In the listing that follows, the lines starting at the one containing "Retro design with" and ending at the one containing "Unsere Altholzbretter, Balken, Granitplatten" are to be returned exactly, both boundary lines included, and no others.

(Extracted material Opens)

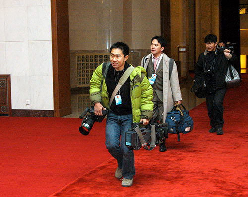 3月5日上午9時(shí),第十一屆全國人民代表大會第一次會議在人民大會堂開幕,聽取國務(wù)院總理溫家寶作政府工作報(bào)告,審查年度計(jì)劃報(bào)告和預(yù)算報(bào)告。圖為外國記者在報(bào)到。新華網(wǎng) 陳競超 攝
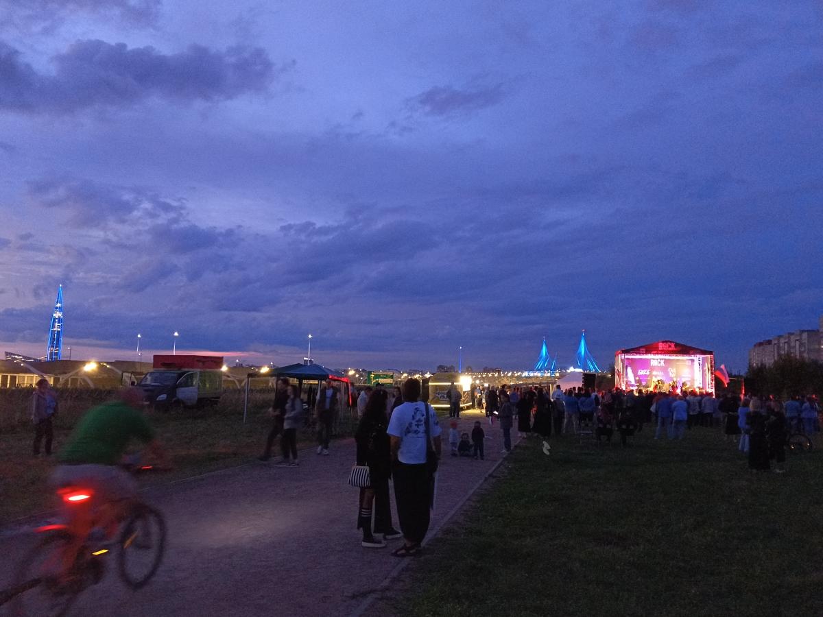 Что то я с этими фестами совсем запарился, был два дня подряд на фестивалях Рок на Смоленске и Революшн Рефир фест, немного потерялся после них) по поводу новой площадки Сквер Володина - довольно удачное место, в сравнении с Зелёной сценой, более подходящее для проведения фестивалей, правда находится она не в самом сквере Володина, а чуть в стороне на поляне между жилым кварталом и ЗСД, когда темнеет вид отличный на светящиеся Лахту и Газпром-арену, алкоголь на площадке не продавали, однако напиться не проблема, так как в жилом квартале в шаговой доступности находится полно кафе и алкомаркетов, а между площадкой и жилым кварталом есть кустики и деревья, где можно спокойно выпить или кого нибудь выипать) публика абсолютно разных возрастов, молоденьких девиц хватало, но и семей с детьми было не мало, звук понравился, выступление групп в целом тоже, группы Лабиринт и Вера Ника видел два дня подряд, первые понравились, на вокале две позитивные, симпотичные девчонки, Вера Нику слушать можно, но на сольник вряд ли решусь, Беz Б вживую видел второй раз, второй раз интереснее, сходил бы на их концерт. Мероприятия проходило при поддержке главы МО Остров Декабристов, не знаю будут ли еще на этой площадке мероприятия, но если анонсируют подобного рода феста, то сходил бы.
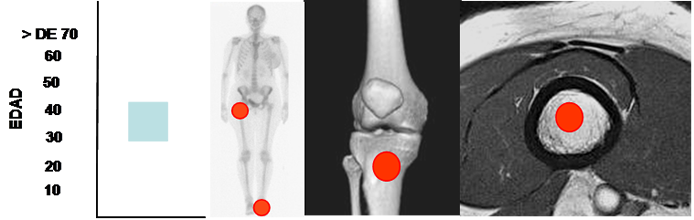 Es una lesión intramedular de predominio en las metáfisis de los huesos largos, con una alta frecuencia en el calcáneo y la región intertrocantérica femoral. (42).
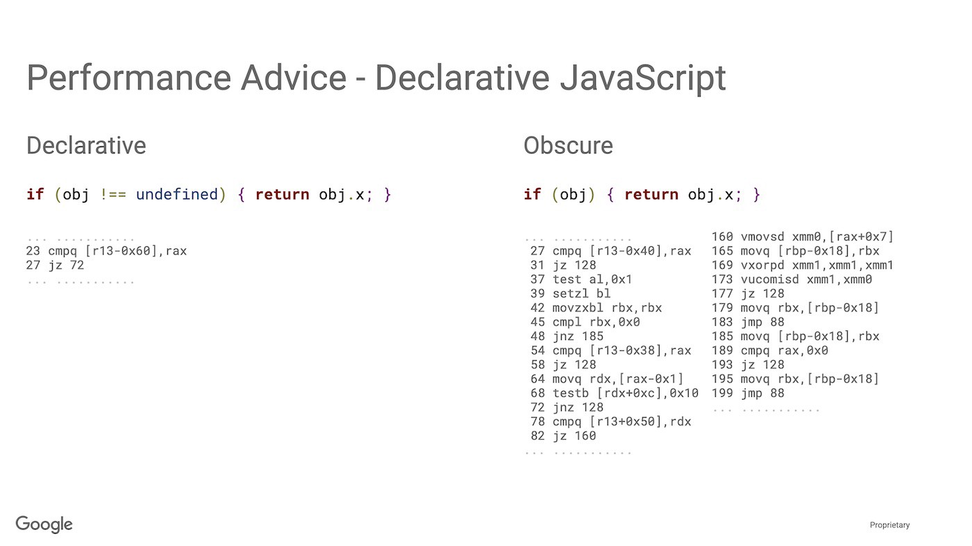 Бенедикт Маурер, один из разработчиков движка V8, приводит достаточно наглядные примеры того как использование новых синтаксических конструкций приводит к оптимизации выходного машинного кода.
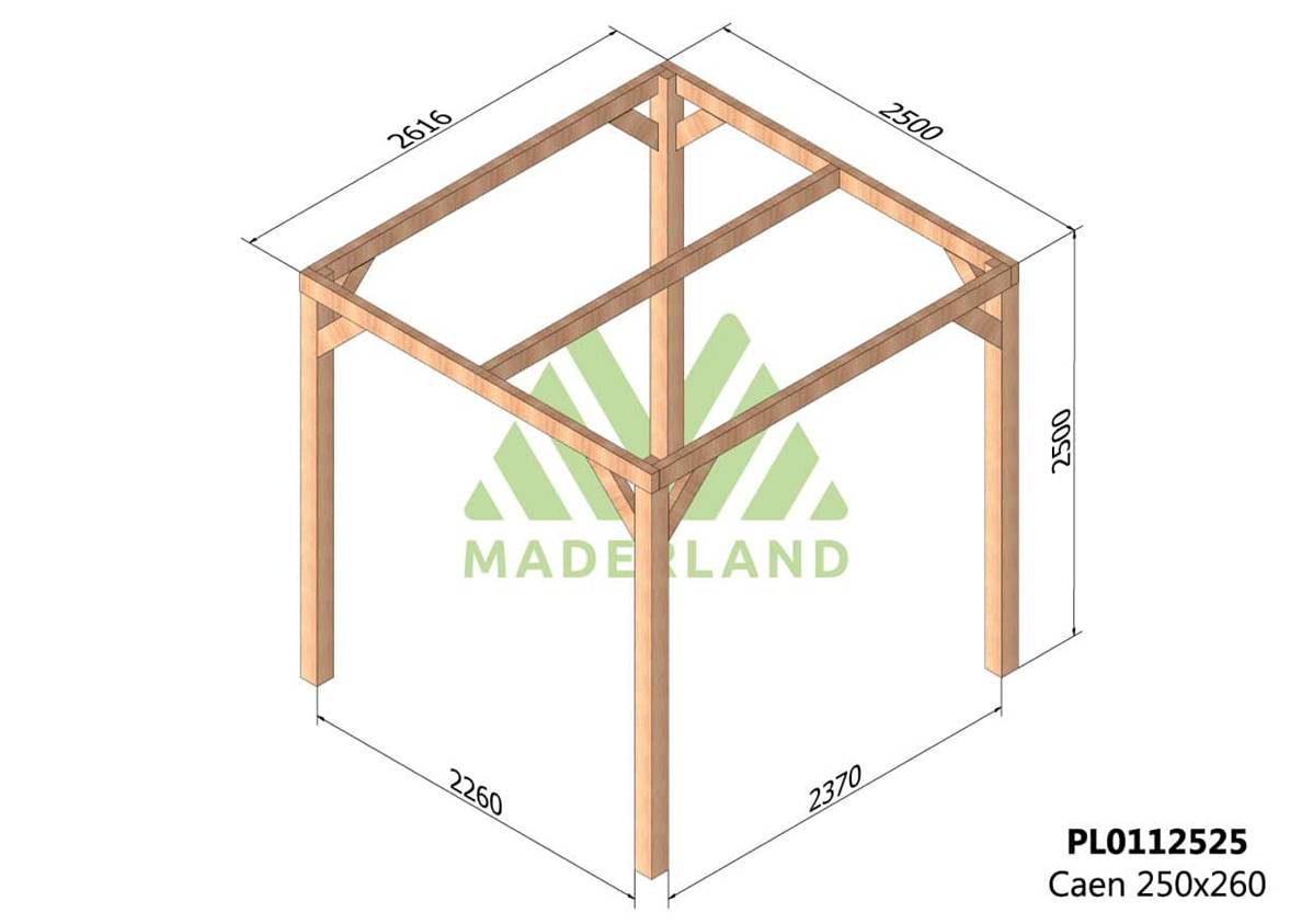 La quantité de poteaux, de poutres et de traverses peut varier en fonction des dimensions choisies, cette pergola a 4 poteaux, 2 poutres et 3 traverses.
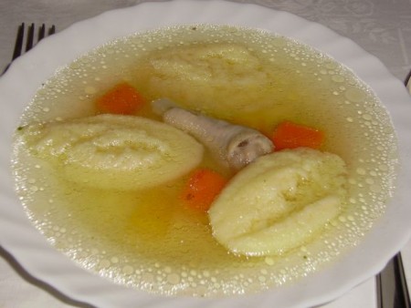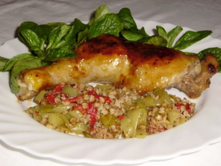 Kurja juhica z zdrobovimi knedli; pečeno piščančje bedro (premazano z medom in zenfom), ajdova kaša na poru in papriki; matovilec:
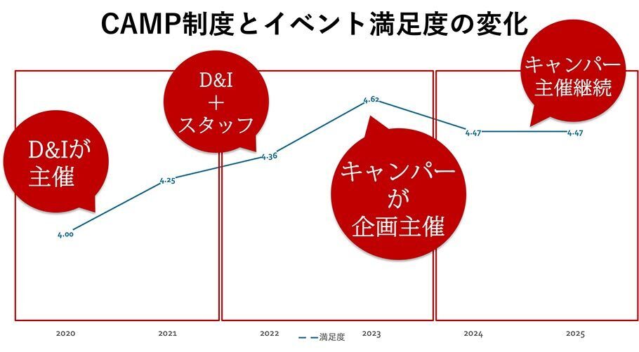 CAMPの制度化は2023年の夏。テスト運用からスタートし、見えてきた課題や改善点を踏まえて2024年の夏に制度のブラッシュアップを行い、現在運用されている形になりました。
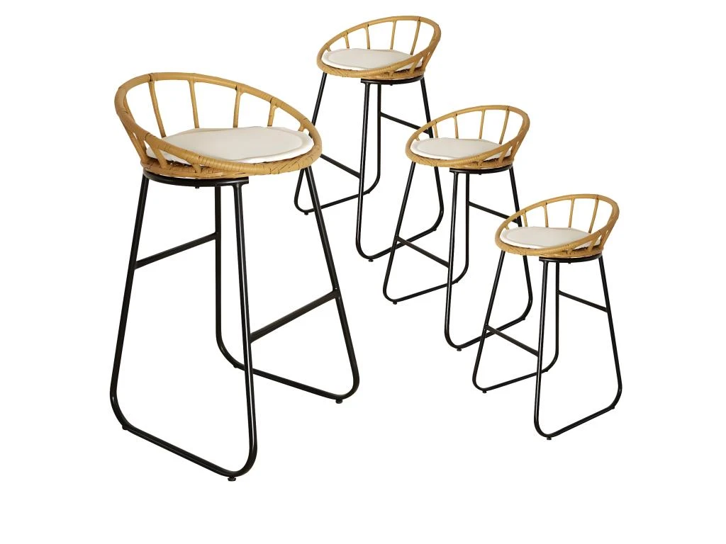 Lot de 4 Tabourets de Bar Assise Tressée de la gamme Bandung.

(Extracted material Closes)
(Extracted material Opens)

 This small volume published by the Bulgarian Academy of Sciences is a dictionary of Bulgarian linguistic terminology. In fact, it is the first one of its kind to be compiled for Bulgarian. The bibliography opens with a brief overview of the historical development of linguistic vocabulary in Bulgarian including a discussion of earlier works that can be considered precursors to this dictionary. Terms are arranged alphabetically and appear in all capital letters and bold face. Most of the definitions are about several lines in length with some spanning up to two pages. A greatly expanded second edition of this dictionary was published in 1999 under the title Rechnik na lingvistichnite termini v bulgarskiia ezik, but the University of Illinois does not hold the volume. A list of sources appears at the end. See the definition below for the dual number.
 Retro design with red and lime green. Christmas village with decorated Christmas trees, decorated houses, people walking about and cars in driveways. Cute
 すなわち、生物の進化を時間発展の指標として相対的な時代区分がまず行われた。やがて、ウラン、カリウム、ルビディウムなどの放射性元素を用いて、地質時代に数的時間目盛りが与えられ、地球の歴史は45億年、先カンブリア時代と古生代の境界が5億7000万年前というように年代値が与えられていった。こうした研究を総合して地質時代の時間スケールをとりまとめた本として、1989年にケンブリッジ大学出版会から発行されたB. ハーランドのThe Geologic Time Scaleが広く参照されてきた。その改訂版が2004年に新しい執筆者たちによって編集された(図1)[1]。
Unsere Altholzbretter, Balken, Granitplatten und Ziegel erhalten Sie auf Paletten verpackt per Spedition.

(Extracted material Closes)

### Task output
 Retro design with red and lime green. Christmas village with decorated Christmas trees, decorated houses, people walking about and cars in driveways. Cute
 すなわち、生物の進化を時間発展の指標として相対的な時代区分がまず行われた。やがて、ウラン、カリウム、ルビディウムなどの放射性元素を用いて、地質時代に数的時間目盛りが与えられ、地球の歴史は45億年、先カンブリア時代と古生代の境界が5億7000万年前というように年代値が与えられていった。こうした研究を総合して地質時代の時間スケールをとりまとめた本として、1989年にケンブリッジ大学出版会から発行されたB. ハーランドのThe Geologic Time Scaleが広く参照されてきた。その改訂版が2004年に新しい執筆者たちによって編集された(図1)[1]。
Unsere Altholzbretter, Balken, Granitplatten und Ziegel erhalten Sie auf Paletten verpackt per Spedition.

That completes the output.